The report shows the crisis in the bus industry since 2008 has accelerated over the last year thanks to soaring fuel costs and cuts in government subsidies.

Despite a resurgence in rail travel, buses are still by far the most-used public transport. About 440 million bus journeys were taken in Scotland last year – more than five times the number of train journeys.

The latest report follows government statistics earlier this month that showed a significant increase in the proportion of Scots not leaving their homes on a regular basis, with those over 60 increasingly less mobile than younger people.

SPT said its research demonstrated the need for radical action to improve the attractiveness of bus travel and showed that operators were trapped in a "downward spiral" of cutting bus routes and frequencies in order to reduce costs.

After cutting routes at weekends and in the evenings, companies had now started "thinning out" their networks by reducing the frequency of regular urban services, SPT said.

It has called on the Scottish Government for a major overhaul of urban traffic management in Scotland's cities to ensure bus lanes are given greater priority, and for tougher regulation of the industry to stop firms axing routes or cutting service frequency at short notice.

SPT chairman George Redmond said: "The status quo is no longer an option - SPT has laid out clear plans to improve the bus market and we are working with our partners to make that happen.

"If we are to realise our ambition of getting people on to public transport and boosting the economy, we need to tackle this serious decline now."

The Confederation of Passenger Transport (CPT), which represents bus and coach firms, welcomed SPT's commitment to improving bus priority.

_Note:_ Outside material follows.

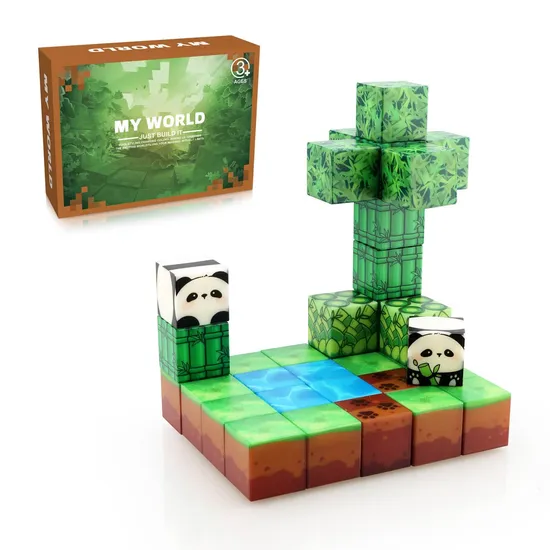 Custom My World magnetic assembly block magnet building block children's educational toy village house panda Set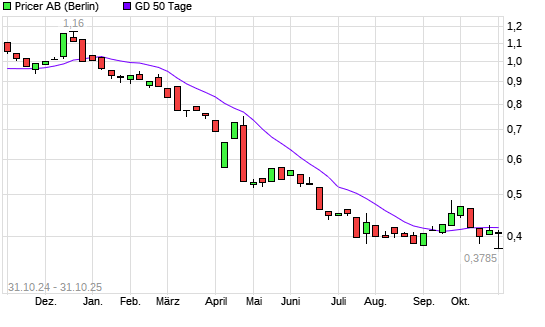 Mit dem Rücksetzer auf 0,40 EUR hat die Pricer-Aktie am 30.10.2025 die 50-Tage-Linie nach unten gekreuzt.

A spokesman for CPT said: "Congestion in Strathclyde is markedly worse than the Scottish average and so efforts to free buses from the traffic – and thereby increasing reliability and reducing running times – are to be welcomed."

But he said it was "no surprise" that firms had been forced to make cuts, pointing out that support for subsidised routes had fallen by 10%.

"As well as the problem of congestion, there is an array of cost pressures currently facing the bus industry. The bus service operators' grant (BSOG) has been cut, the budget for concessionary travel is capped at an unsustainable level and fuel costs are rising," he said.

A spokeswoman for the Scottish Government said it was committed to improving bus services and would listen to plans made through its Bus Stakeholder Group, set up in April to tackle the decline in services.

She said: "This Government is absolutely committed to improving bus services for passengers and communities - That is why we are investing £250m every year to support a range of schemes including the BSOG, concessionary travel, Scottish Green Bus Fund and creating a Bus Investment Fund."